On LLMs, publishing houses and our volunteer work for them

I will not be able to take part in any new project hosted by publishing houses that are ready to send my work to LLMs (I have a few ongoing and will conclude them). Allow me to explain why.

I am deeply concerned by the LLMs being a big risk for the environment, our students’ mental health and deskilling as well as their being based on intellectual theft. Thus, I will not volunteer my time and energy to help publishers that will then give my work to feed LLMs.

I asked various publishing houses about their politics with regard to LLMs and received (disappointing) answers on how “LLMs are the future”, “LLMs are inevitable” etc., all leading to the same conclusion, namely that I cannot opt out from my work being used to feed them. Such being the case, I am sorry to say that I prefer to pass.
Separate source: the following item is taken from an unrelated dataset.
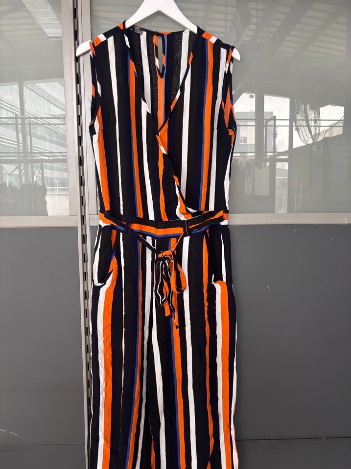 V yaka, askılı, kemerli, çizgili kadın uzun tulum. Çok renkli ve sentetik kumaştan üretilmiştir. Günlük rahat tarz için uygundur. Arka kolu kısmında ufak deformesi mevcuttur ama kullanıma engel değildir o yüzden fiyatı uygun tutuyorum

I apologise for not being able to help the various editors who asked me to contribute or peer review for their volumes, but time is limited and I prefer to volunteer my time to help publishers who have higher standards. If a publisher wants to just focus only on profit, they should start paying their contributors, editors, peer reviewers… I know that my decision will not change anything (alternative peer-reviewers or contributors will be found etc.), but perhaps if enough people were to refuse working for free for publishers that comply to LLMs’ demands, then some change could be achieved.

UPDATE:
—Journals and publishing houses that have answered that LLMs are unavoidable etc.: CUP (author can opt out, but not in the case of open-access publications), OUP (basically, LLMs are the future, like google search is the present), Springer Nature (“peer review reports and unpublished manuscripts are not used for training LLMs, while accepted articles are”), Taylor and Francis (“In terms of licensing we do permit some trusted partners to use specific content for the purposes of training AI. We feel this is important as Publishers need to engage with these companies and control the use of content – for instance making sure it is used appropriately, within licence terms, with authors being fully attributed for their work, and to be paid for this use where contracts specify royalties. If we do not do this there is a real risk that these firms will simply access our content without permission and try to establish this as a form of fair use. In fact this has already happened with one major firm doing precisely this.”).
—Journals and publishing houses that have answered that they offer authors the option to opt out of LLMs, but cannot guarantee that it will be respected: Brill
—Journal and publishing houses that have answered that they don’t feed our work to LLMs: University of Hawai’i press (Philosophy East and West)

Comments and discussions are welcome. Be sure you are making a point and contributing to the discussion.